As many people have noted before, most of these rules are about sex for reproductive purposes only, about women as breeding property, and about men's obligation to use that property for its (sic) intended purpose. The ones that aren't, are mostly about 'don't do what those dirty heathen foreigners do'. Modern considerations of relationships did not come into it, and anyone who says they do is trying to modernize rules which apply to a totally different era and mindset.
The idea of women as property and sex only for breeding purposes is exaggerated and never intended to be the norm. An unfortunate fact of ancient life was that women were considered property. The OT Bible recognizes this inequity and gives women within Israelite society certain rights to offset these practices.

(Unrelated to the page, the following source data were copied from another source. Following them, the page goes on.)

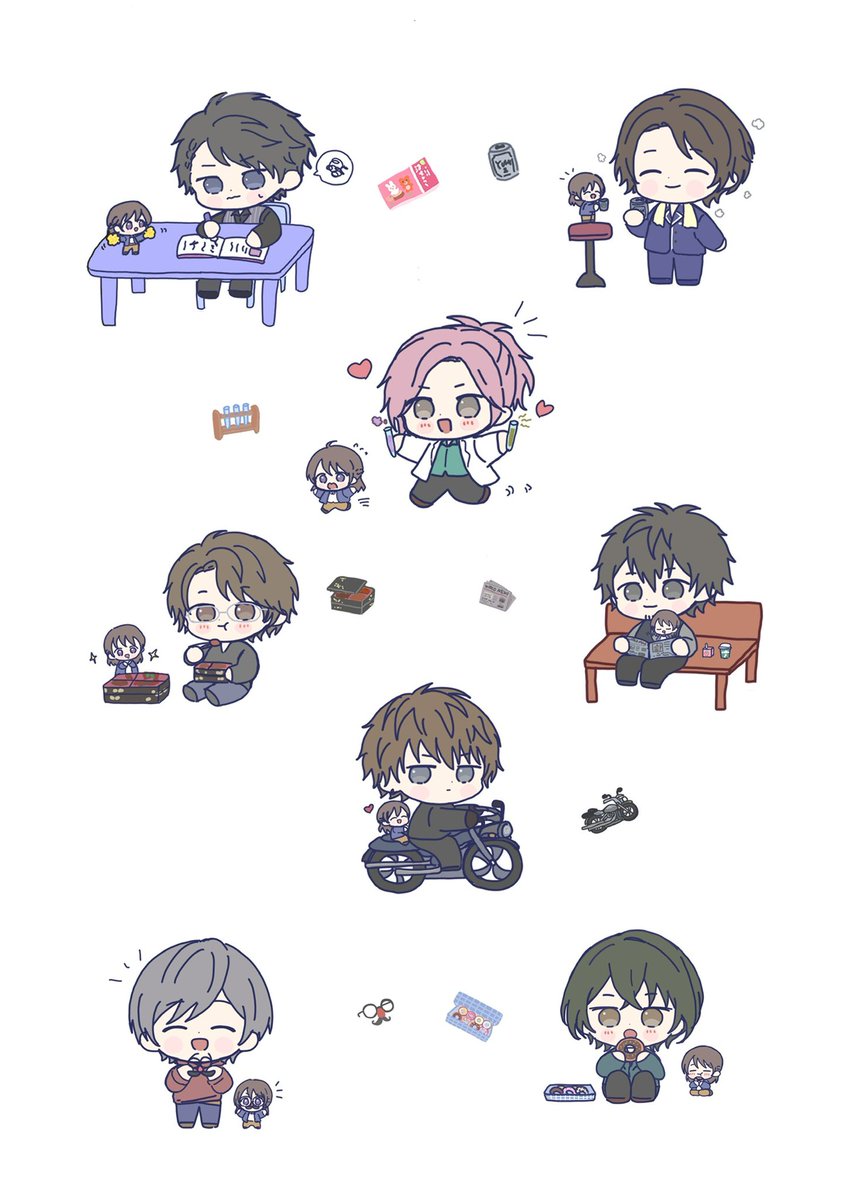ミニミニ玲ちゃんとマトリ+都築兄弟分のイラスト完成しました〜👏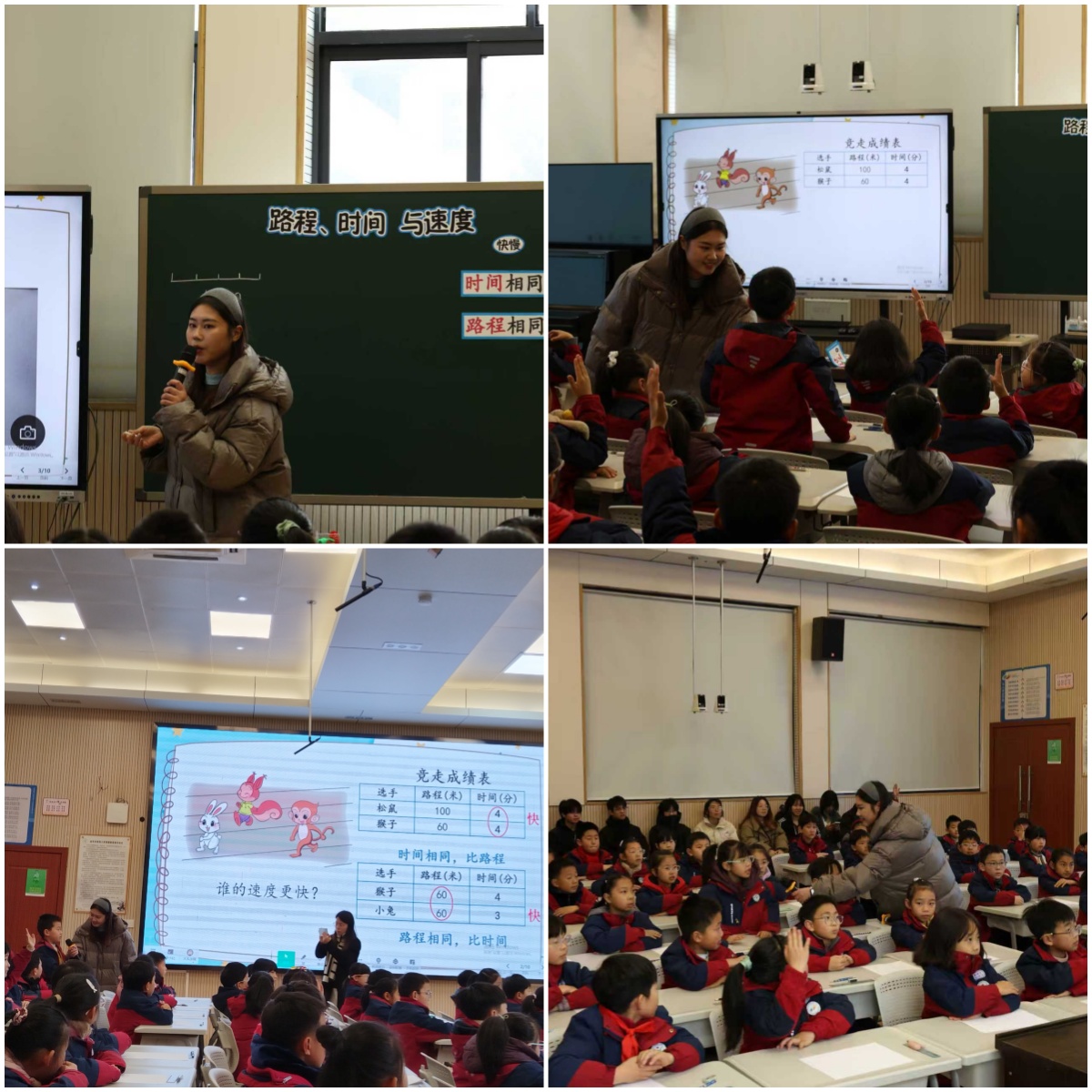 本次见习的核心环节是观摩南苑小学楼丽云老师执教的数学课《路程、时间与速度》,通过课程观摩,学习讨论皮亚杰的认知发展理论与建构主义学习理论在课堂中的应用。作为浙江师范大学的优秀毕业生,楼老师凭借扎实的教学功底,打造了一堂趣味盎然且有深度的数学课。课堂伊始,楼老师以“动物竞走比赛”为趣味切入点,从学生熟悉的比赛场景出发,循序渐进地引出“路程”“时间”“速度”三个核心概念,将抽象难懂的数学公式转化为具象可感的认知内容。在知识应用环节,楼老师设计了一系列生活化问题,让学生在思考与解答中逐步掌握“速度=路程÷时间”的计算方法,充分调动了学生的主动学习积极性。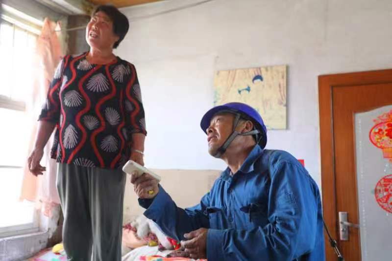 土家窯自然村坐落在玖山腳下,半山腰上還有7戶老人,只有一條羊腸小道能到達。7月7日下午,山上的王繼福托人打電話,說家里沒電了,水缸也空了,沒法抽水。遲玉朋急匆匆趕了去,92歲的王繼福和老伴已經(jīng)挑不動水了,老倆口只能靠電機抽水用。遲玉朋扛著梯子、背著工具包,從山下爬到山腰,午后天氣超乎異常的悶熱,汗水很快浸透衣服。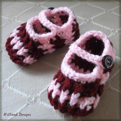 Crocheted using DK or light worsted weight yarn in 2 colors of choice. You'll also need 2 buttons and needle and thread.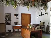 The Schreuder House is the first period house in the museum complex and is furnished according to the period c. 1709. The house was built in August 1707 by Sebastian Schreuder, who was a German messenger of the court of the Dutch East India Company.[1] It is a pioneer cottage with a thatched roof and clay floor. Because window glass had to be imported from Holland, the windows are made of linen or gauze stretched over a frame with beeswax to seal the cloth against the elements. During a hard downpour, the housewife simply closed the outside shutters; in fine weather the catches were released, the whole frame was lifted out, and fresh air was let in.[2] The house was declared a monument in 1974, and is currently listed as a Grade II Western Cape provincial heritage site.[3]
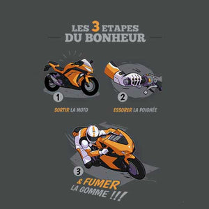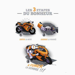 Là où certains passeront toute leur vie à chercher la recette du bonheur, le motard, lui, la connaît pas cœur ! Et elle est simplissime, puisqu’il n’y a que trois étapes basiques, que Checkpoint vous rappelle ici avec style. En ce qui nous concerne, on est d’ailleurs passé depuis longtemps à la troisième étape... Alors, envie de goûter au bonheur vous aussi ? Vous savez quoi faire ! Un tee-shirt plein d’humour pour tous les amoureux des deux roues.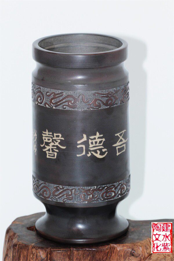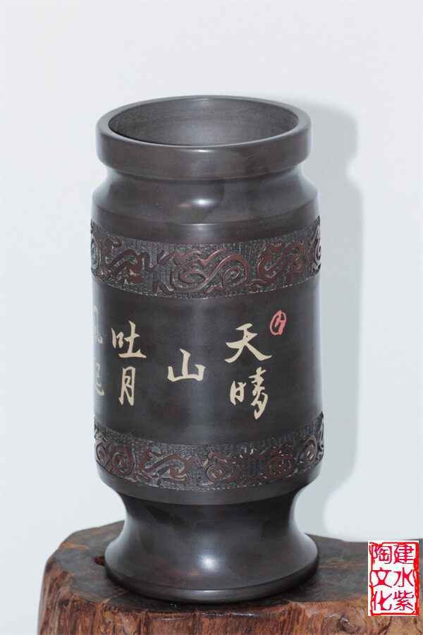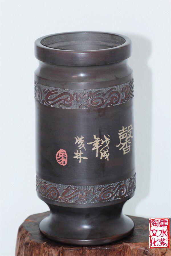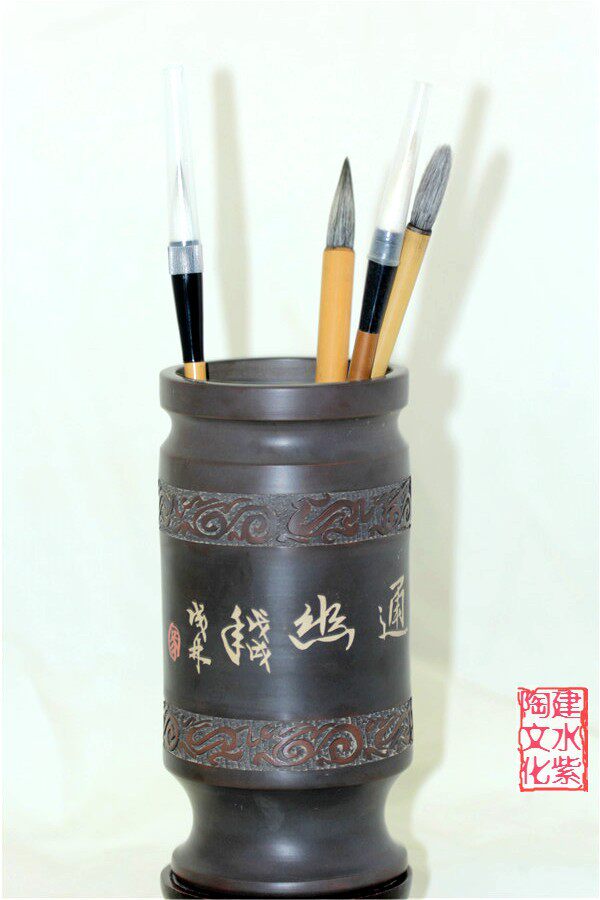 Chinese ceramic art master Jianshui purple pottery Ma Chenglin classic bronze style purple pottery pen holder cultural heirloom Wenwan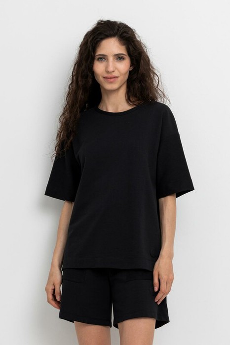 Удлиненная свободная футболка из мягкого футера с рукавами наизнанку.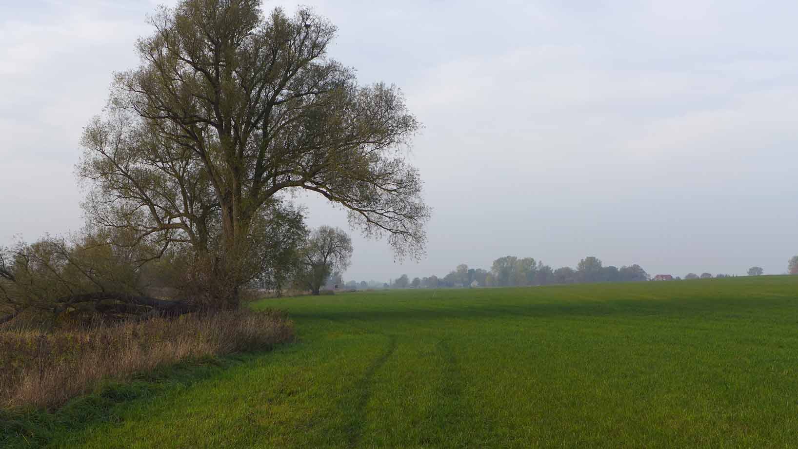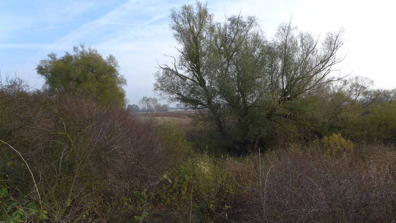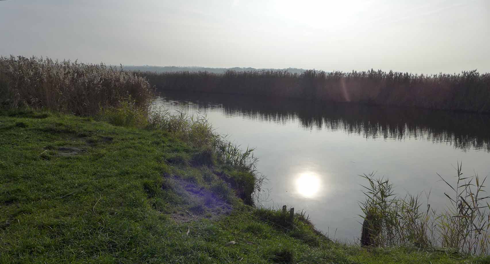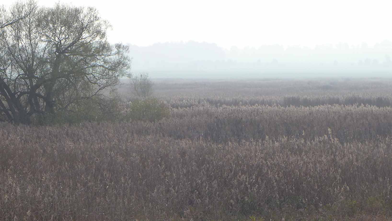 Der Fluss iost nun wieder in seine Wildnis eingebetet, früher zu unserer Zeit sanft den Wiesen und Kühen und den badenden Kindern übergeben. Das Hinterland hinab in Feldern und Inseln der Baume gehörte dazu. Die Windräder der Dränagen zur Entwässerung, sorgsam in Gräben gefasst, sind verloren. Aber der Fruss, der fliesst, wie immer noch.

Masturbation is merely shown to be improper and causing ritual impurity, just like normal sex. Onan's sin wasn't even masturbation, but rather disobedience to God and refusing to continue the survival of his brother's name through children. Men who "had an emission in the night" were just simply unclean and just needed to bathe and wash their clothes. They would only be unable to "enter the assembly," no different than if they had sex with their wives. Abstaining from sex was a normal observance during holy days and going off to war. Without women and being forbidden from "detestable practices," it is not surprising that anyone would "have an emission." But that only means they had to sleep in a reserved place outside the camp for a time, and that doesn't preclude them from military operations.
As a sin, that is something that has been misunderstood and misused over the years by various Christian denominations. While it is perfectly acceptable to view masturbation as improper culturally, this is a "law of man" and not a "law of God."